At the beginning of my journey I was required to go to the ever dreaded psych eval. All the worry of “Am I too crazy?” “Am I ‘too damaged’ to have this surgery?” constantly vibrating in my brain. As I sit in the waiting room the ever-present voices of “you’re not good enough”, “you’re never going to be able to successfully do this” weighing so heavy on my heart. I was 351 pounds of pure unhappiness. This was my last hope, my last-ditch effort to be something other than what I was. It all rides on this one visit, this one eval to determine if I am worthy enough to have the life I dreamed of. My name gets called and I head back to the small room, to discuss my failure in life and pray to the eval gods that I can advance to the next level.

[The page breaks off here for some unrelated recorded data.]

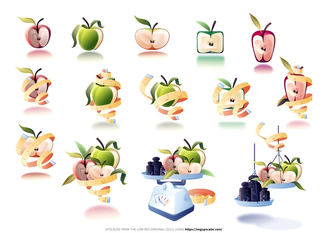 A collection of Inkscape-made 2D vector icons for a calorie-counter iPhone app by Nanobit (Croatia).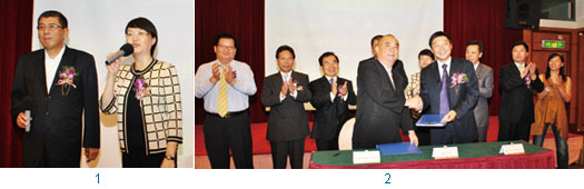 1.揚州市委書記王燕文(右)、旅行商業同業公會總會理事長姚大光(左)主持抽獎活動。2.揚州市旅遊局局長湯天波(前右)、北市旅行商業同業公會副理事長丁萊(前左)簽訂互惠合約。揚州市副市長王玉新(後排左3)等人見證。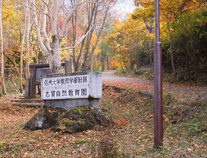 | 「信州大学自然教育園」の中を通過 時間のゆとりさえあればゆっくり観察したいところだが バスの時間が迫っているので、つい早足となる また車道を横切って、「下の小池」に向かう |

I sit down and my life story starts pouring out of me.
In my brain I’m screaming “SHUT UP!!!! DON’T SAY THAT!!!! DEAR GOD WOMAN, YOU’RE BLOWING IT!!” But I can’t stop. The cork has been pulled and there’s no putting it back in. I’m just spewing words like sludge. Toxic, soul wrenching, heart breaking words. I can’t take them back. They’re out there now, hanging like a black cloud of hate over my head. This is it. This is when they’re going to tell me, “thank you but you’re too crazy, have a nice day.” Any moment now I’m expecting the therapist to laugh me right out of her office. I take a deep breath, let it out and wait for the guillotine to fall.
My therapist looks at me, dead in the eye, and says ” WOW!! You’re a PEACOCK!” I sit there staring at her like she has grown a second head. I’m lost, pondering what the hell that means in terms of my crazy. So I ask the most intelligent question known to man…..”What?” She smiles, I KNEW it. Here it comes. She’s about to say I’m some flighty bird.
“You’re a PEACOCK! Peacocks eat toxic things like snakes and plants, and instead of it killing them it’s what makes them so beautiful and vibrant. So, Gail, you’re a peacock! You take all the toxic, nasty, dark, horrid things life throws at you and you turn it into something beautiful and vibrant”
Never in my life has anyone ever told me something so profound and strong. So lovely and kind. That was the day I became a PEACOCK. That was the day I decided NOTHING can stop me but me! That was the day I got my wings and flew for the first time!
I passed that psych eval. I found a love of therapy to help me navigate the toxic. I teach others how to fly, and together we’re going to turn the world into a beautiful place!